Eis um livro cujo título me despertou atenção, ao mesmo tempo que me deixou reticente. Quem segue as minhas leituras já deve ter reparado para gosto de subversões de contos tradicionais, seja o recontar da história, seja a apresentação de novas perspectivas e abordagens. Neste seguimento, personagens como Jane Yolden, T. Kingfisher, Neil Gaiman ou Naomi Novik (esta última com alguma controvérsia, no meu entender) têm criado variações curiosas e interessantes – porque será que o príncipe beija uma mulher morta no meio da floresta? Será que a princesa, que não conhece o príncipe de lado nenhum, quer casar com este desconhecido? E as histórias que se centram em crianças ou jovens mulheres, não esconderão algo tenebroso? Pois é, nem todas as recriações (ou melhor, poucas) são para menores de idade.

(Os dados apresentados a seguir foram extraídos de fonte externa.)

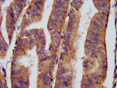 IHC image of CSB-PA005397LA01HU diluted at 1:400 and staining in paraffin-embedded human endometrial cancer performed on a Leica BondTM system. After dewaxing and hydration, antigen retrieval was mediated by high pressure in a citrate buffer (pH 6.0). Section was blocked with 10% normal goat serum 30min at RT. Then primary antibody (1% BSA) was incubated at 4°C overnight. The primary is detected by a biotinylated secondary antibody and visualized using an HRP conjugated SP system.
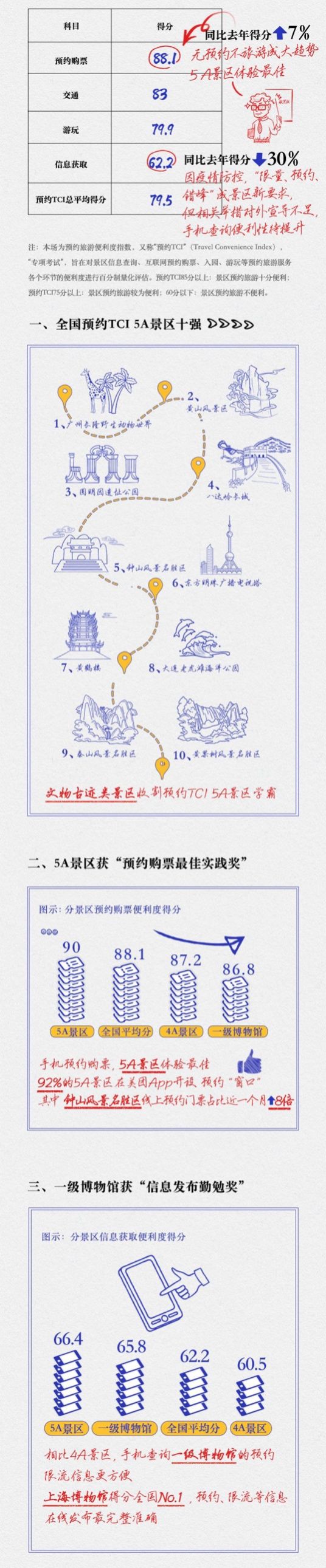 报告显示,国内景区预约TCI平均得分79.5。得益于景区尤其是5A景区关于“预约旅游”政策要求的广泛落实,手机、互联网预约购票服务便利度进一步提升。分项得分中,预约购票便利度也因此得分最高,达88.1分,相比去年得分提高7%。与此同时,今年的信息获取便利度得分仅为62.2,远低于去年。报告建议,景区及时通过官网或者第三方互联网平台将信息准确、完整地对外公布,避免线上线下信息不对称。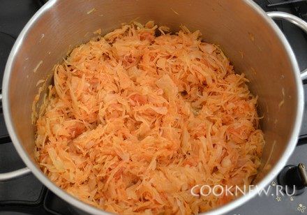 Добавить капусту, перемешать. Жарить на среднем огне под крышкой 20 минут (при необходимости можно подлить немного воды).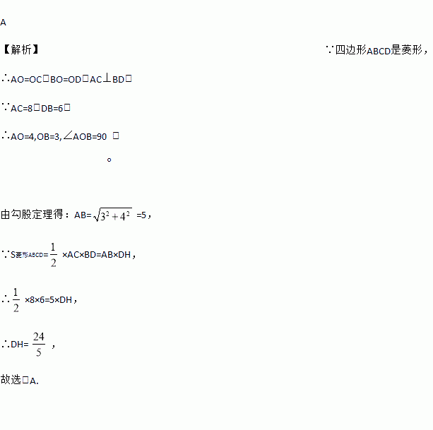 如图,四边形ABCD是菱形,AC=8,DB=6,DH⊥AB于点H,则DH等于( )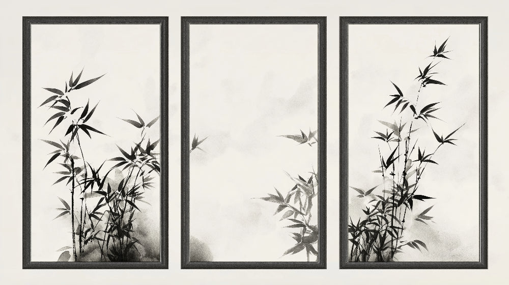 Cette fresque murale en bambou met en valeur la grâce intemporelle de la peinture traditionnelle japonaise à l'encre, où de délicats troncs de bambou noirs émergent sur un fond blanc immaculé. La composition artistique s'étend sur trois panneaux, créant un effet triptyque où des tiges et des feuilles gracieuses dansent à travers la surface. Chaque panneau de papier peint bambou oriental capture l'essence de l'esthétique asiatique minimaliste, avec des coups de pinceau précis dépeignant l'élégance naturelle du bambou dans des profondeurs et densités variées.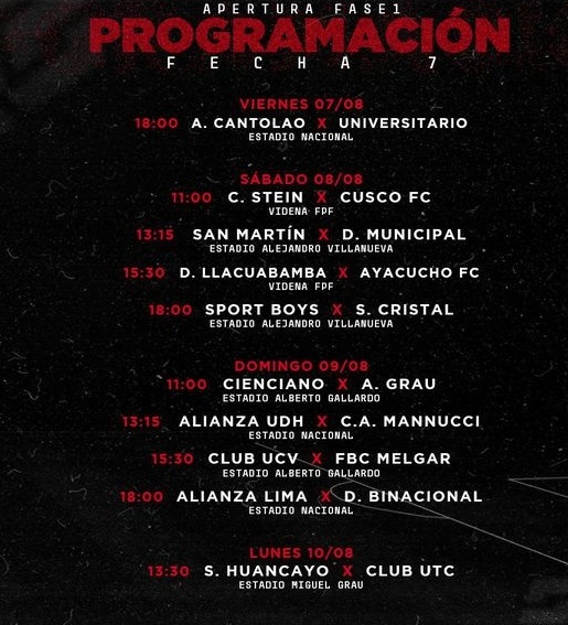 Desde el próximo viernes 7 de agosto, la actividad en la Liga 1 del fútbol peruano regresará. Es más, ya se conoce la programación oficial de los diez partidos que se verán en la séptima jornada del Torneo Apertura.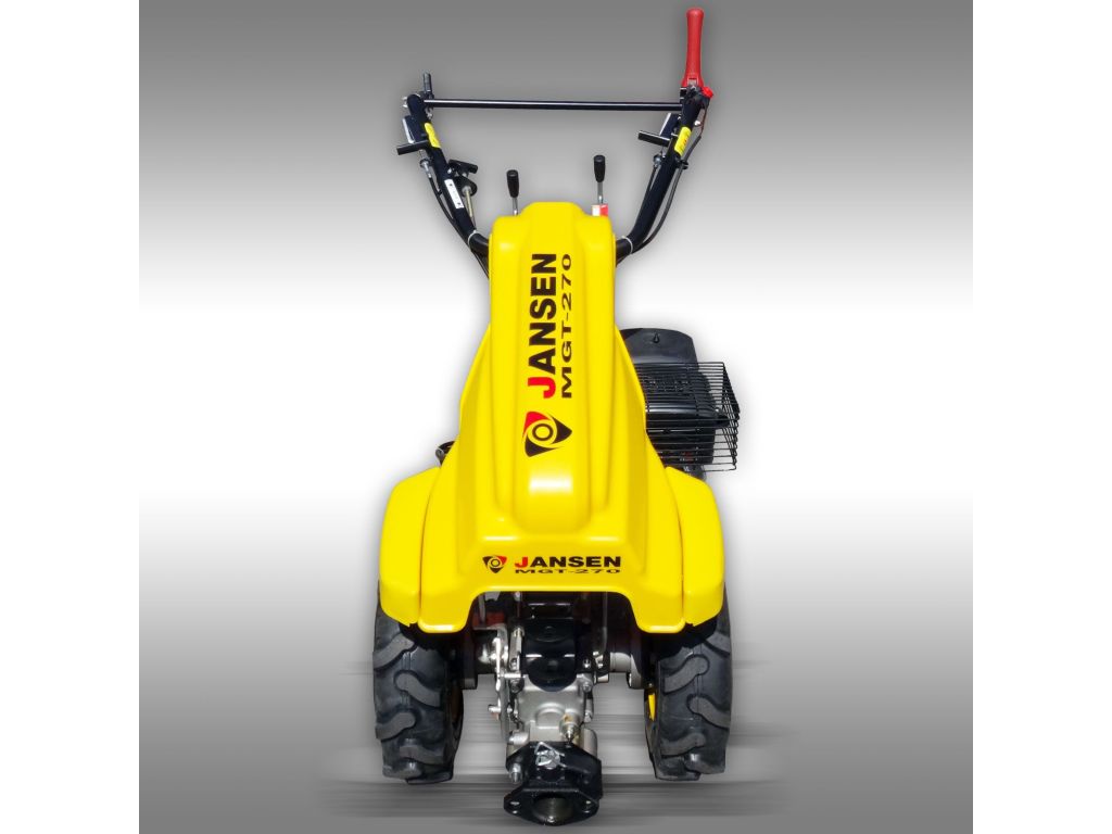 Мотоблок Jansen MGT-270 - может быть оснащен разными навесными приспособлениями, поэтому является универсальным. Эта машина подходит для работы в своем домашнем саду, а также для коммерческих целей в садоводстве и озеленении.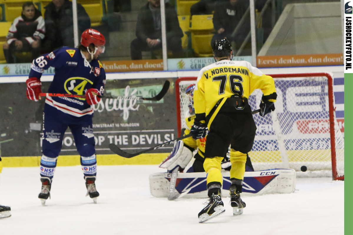Fotograaf Paul Nicolaassen van IJshockeyfoto.nl maakte onderstaande fotoreportage over het duel van Devils tegen Flyers.

Neste livro, o autor consegue a proeza de transformar os contos de fadas em histórias politicamente correctas onde encontramos as tendências e as referências actuais. Existem influencers, negócios de entrega de comida, trabalhadores explorados e novos modelos de negócio. Não podemos esquecer as poucas oportunidades dos subúrbios, a realidade das princesas do mundo moderno ou o ultrapassar do medo criado por preconceitos.

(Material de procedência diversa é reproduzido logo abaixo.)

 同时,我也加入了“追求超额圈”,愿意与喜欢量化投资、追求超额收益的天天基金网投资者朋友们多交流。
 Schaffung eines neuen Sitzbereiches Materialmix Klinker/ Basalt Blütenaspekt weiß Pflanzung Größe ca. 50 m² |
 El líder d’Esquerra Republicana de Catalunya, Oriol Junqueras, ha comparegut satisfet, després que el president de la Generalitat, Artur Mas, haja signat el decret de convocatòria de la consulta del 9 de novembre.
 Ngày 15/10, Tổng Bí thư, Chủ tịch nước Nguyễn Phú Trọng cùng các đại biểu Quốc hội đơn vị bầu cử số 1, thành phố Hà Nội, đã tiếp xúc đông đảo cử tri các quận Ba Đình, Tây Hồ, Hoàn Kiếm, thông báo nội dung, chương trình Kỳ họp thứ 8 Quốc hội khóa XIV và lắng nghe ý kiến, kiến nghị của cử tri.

Os porcos caçam lobos, os lobos compram casas, os meninos que compram feijões são menos idiotas do que parecem, e as meninas que comem a papa de aveia em casa alheia podem ajudar a criar novos e bem sucedidos negócios. Continuam, claro, a haver vilões, personagens invejosas e príncipes idiotas, bem como madrastas maldosas – mas também existem alianças de personagens antagónicas e desenvolvimentos que desafiam os preconceitos comuns dos contos de fadas.

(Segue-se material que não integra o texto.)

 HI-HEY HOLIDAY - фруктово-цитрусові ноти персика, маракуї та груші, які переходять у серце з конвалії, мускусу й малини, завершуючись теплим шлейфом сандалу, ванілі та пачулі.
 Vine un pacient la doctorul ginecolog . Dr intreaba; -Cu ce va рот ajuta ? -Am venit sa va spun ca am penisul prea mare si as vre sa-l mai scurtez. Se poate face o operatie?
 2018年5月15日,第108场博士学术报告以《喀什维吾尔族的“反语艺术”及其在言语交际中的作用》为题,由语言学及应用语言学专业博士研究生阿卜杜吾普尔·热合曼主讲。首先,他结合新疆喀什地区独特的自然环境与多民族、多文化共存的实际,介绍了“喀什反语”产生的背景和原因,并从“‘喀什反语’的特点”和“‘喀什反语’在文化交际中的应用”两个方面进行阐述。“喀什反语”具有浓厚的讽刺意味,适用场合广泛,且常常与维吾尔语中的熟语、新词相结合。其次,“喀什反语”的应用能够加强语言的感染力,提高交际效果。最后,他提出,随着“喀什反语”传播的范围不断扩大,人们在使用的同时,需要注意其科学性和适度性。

É na combinação de todos estes elementos que a colectânea de histórias surpreende. Quando referi, no início, que o título também me deixou reticente (ao mesmo tempo que interessada) é porque nesta transformação de histórias em politicamente correcto, se cai, muitas vezes, no excesso de moralismo com discursos pesados e chatos. Nada disso acontece aqui. As histórias conseguem ser politicamente correctas, ao mesmo tempo que exploram novos caminhos narrativos e convertem o rumo em desenvolvimentos mais actuais e lógicos – sem deixar, no entanto, de ter elementos cómicos e irónicos, com críticas ligeiras à actualidade.